71ème anniversaire du massacre à Vaugeton de 31 résistants – 28 juin 2015 – Allocution de Philippe Lincio

Devant le monument à la mémoire des 31 résistants massacrés par l’armée nazie d’occupation et la milice française le 27 juin 1944, Philippe Lincio professeur au collège de Lusignan a lu un texte devant un public nombreux et très intéressé.

Les porte-drapeaux conduits par Mr Bouffard

Messieurs les représentants des autorités civiles et militaires, Messieurs les représentants des associations d’anciens combattants, Mesdames, Mesdemoiselles et Messieurs.
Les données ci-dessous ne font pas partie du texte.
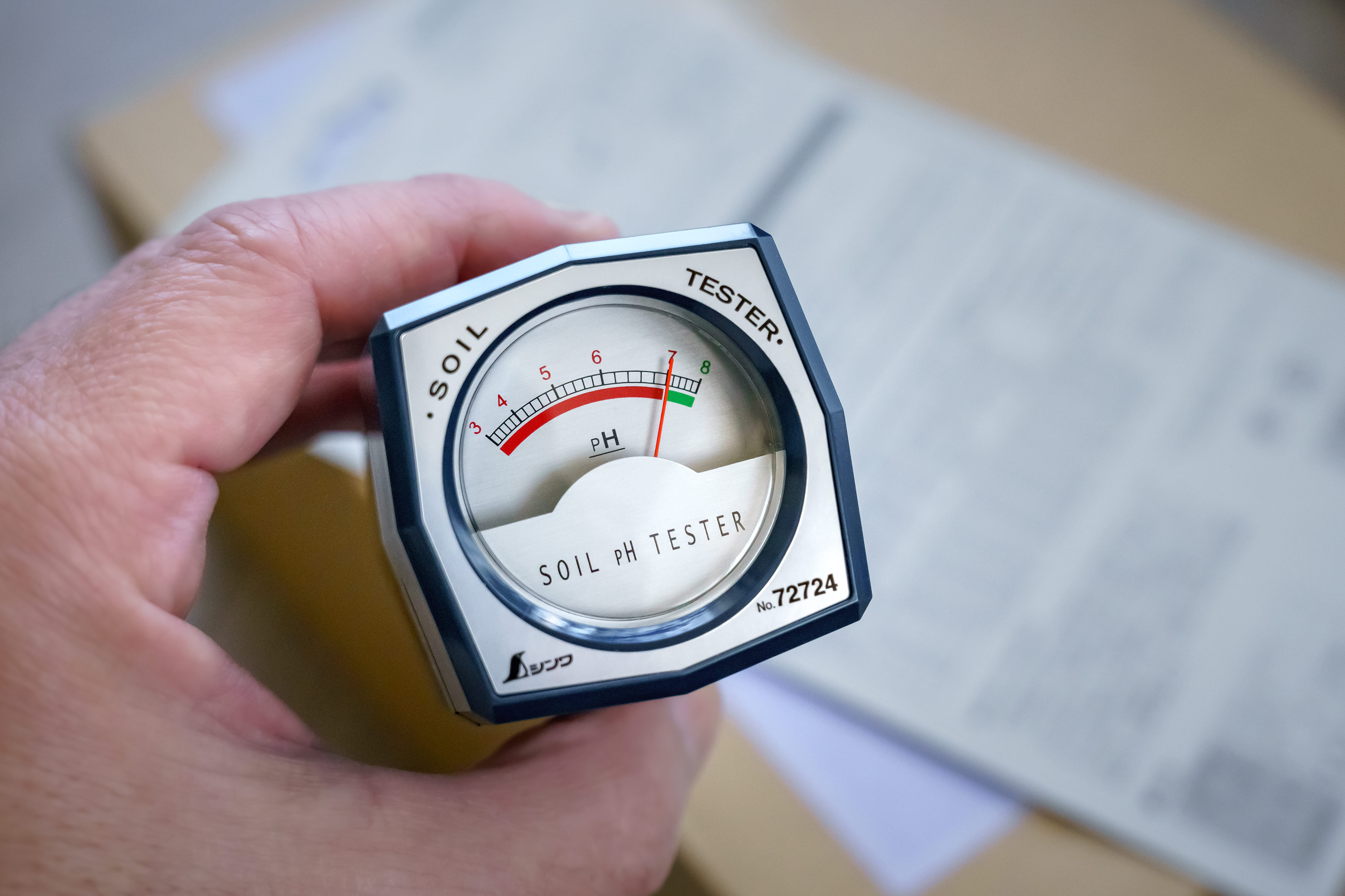 肥料分は足りなければ追肥すれば良いですが、作物を定植する前に安定させておかなければならないのが土壌酸度。pHと書いて「ペーハー」と昔は読みましたが最近は「ピーエイチ」と呼ぶそうです。土壌が酸性なのかアルカリ性なのかその度合いを数値的に把握、管理に役立てるための測定器が土壌酸度計。

Au lendemain des joies de la libération vint le temps du deuil, de l’absence de ceux qui étaient tombés et de ceux qui ne rentreraient plus. Camarades de combat, familles de victimes, témoins et élus furent les premiers artisans de la mémoire de la Résistance. Il fallait rendre une sépulture décente aux corps martyrisés, entretenir la flamme du souvenir sur les noms des disparus et perpétuer l’héritage de leurs actes. Pour conjurer l’oubli, la mémoire des résistants, déportés et internés s’inscrivit sur la pierre des stèles ou des croix, « selon qu’on croyait au ciel, selon qu’on n’y croyait pas ». Elle s’inscrivit aussi dans les cœurs, dans la chaleur des amicales et dans l’émotion des commémorations comme celles qui nous unissent ici chaque année.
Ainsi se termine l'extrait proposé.